%%
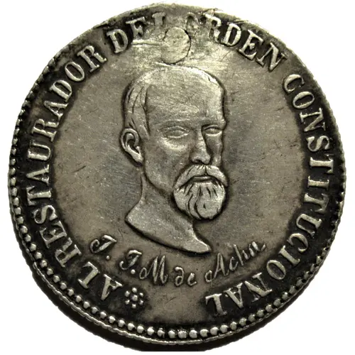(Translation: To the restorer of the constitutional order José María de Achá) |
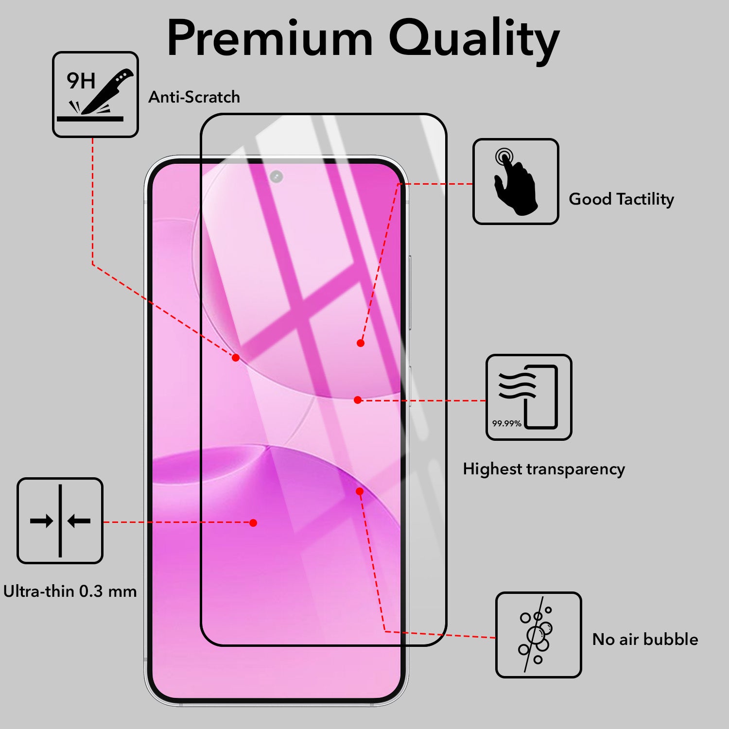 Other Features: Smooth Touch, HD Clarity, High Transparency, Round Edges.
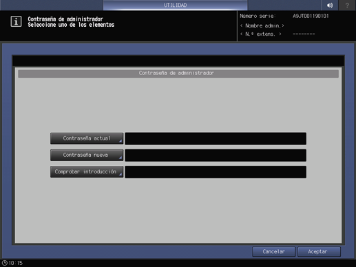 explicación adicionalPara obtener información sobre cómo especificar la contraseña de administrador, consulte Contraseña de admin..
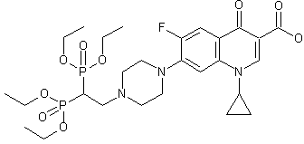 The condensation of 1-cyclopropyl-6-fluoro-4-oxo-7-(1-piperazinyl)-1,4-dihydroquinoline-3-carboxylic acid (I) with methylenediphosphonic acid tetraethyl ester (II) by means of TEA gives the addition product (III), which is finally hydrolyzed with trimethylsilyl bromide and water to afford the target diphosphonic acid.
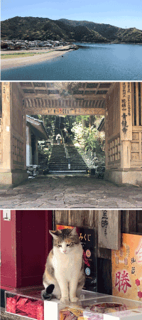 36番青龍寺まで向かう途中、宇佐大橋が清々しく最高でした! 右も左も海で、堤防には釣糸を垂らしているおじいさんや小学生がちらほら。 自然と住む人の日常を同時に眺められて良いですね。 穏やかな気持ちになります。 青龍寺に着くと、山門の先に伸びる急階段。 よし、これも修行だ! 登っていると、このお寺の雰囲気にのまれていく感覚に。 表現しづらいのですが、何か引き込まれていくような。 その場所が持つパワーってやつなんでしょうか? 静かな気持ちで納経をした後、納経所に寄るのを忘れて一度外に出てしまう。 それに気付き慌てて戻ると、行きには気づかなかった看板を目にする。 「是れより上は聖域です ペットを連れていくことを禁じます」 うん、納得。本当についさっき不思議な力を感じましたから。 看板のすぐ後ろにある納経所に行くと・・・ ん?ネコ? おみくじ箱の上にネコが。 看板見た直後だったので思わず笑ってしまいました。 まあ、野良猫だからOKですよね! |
%%
All of the entries above should be retyped exactly, with the pictures left out.

• [Exercise result]
(Translation: To the restorer of the constitutional order José María de Achá) |
 Other Features: Smooth Touch, HD Clarity, High Transparency, Round Edges.
 explicación adicionalPara obtener información sobre cómo especificar la contraseña de administrador, consulte Contraseña de admin..
 The condensation of 1-cyclopropyl-6-fluoro-4-oxo-7-(1-piperazinyl)-1,4-dihydroquinoline-3-carboxylic acid (I) with methylenediphosphonic acid tetraethyl ester (II) by means of TEA gives the addition product (III), which is finally hydrolyzed with trimethylsilyl bromide and water to afford the target diphosphonic acid.
 36番青龍寺まで向かう途中、宇佐大橋が清々しく最高でした! 右も左も海で、堤防には釣糸を垂らしているおじいさんや小学生がちらほら。 自然と住む人の日常を同時に眺められて良いですね。 穏やかな気持ちになります。 青龍寺に着くと、山門の先に伸びる急階段。 よし、これも修行だ! 登っていると、このお寺の雰囲気にのまれていく感覚に。 表現しづらいのですが、何か引き込まれていくような。 その場所が持つパワーってやつなんでしょうか? 静かな気持ちで納経をした後、納経所に寄るのを忘れて一度外に出てしまう。 それに気付き慌てて戻ると、行きには気づかなかった看板を目にする。 「是れより上は聖域です ペットを連れていくことを禁じます」 うん、納得。本当についさっき不思議な力を感じましたから。 看板のすぐ後ろにある納経所に行くと・・・ ん?ネコ? おみくじ箱の上にネコが。 看板見た直後だったので思わず笑ってしまいました。 まあ、野良猫だからOKですよね! |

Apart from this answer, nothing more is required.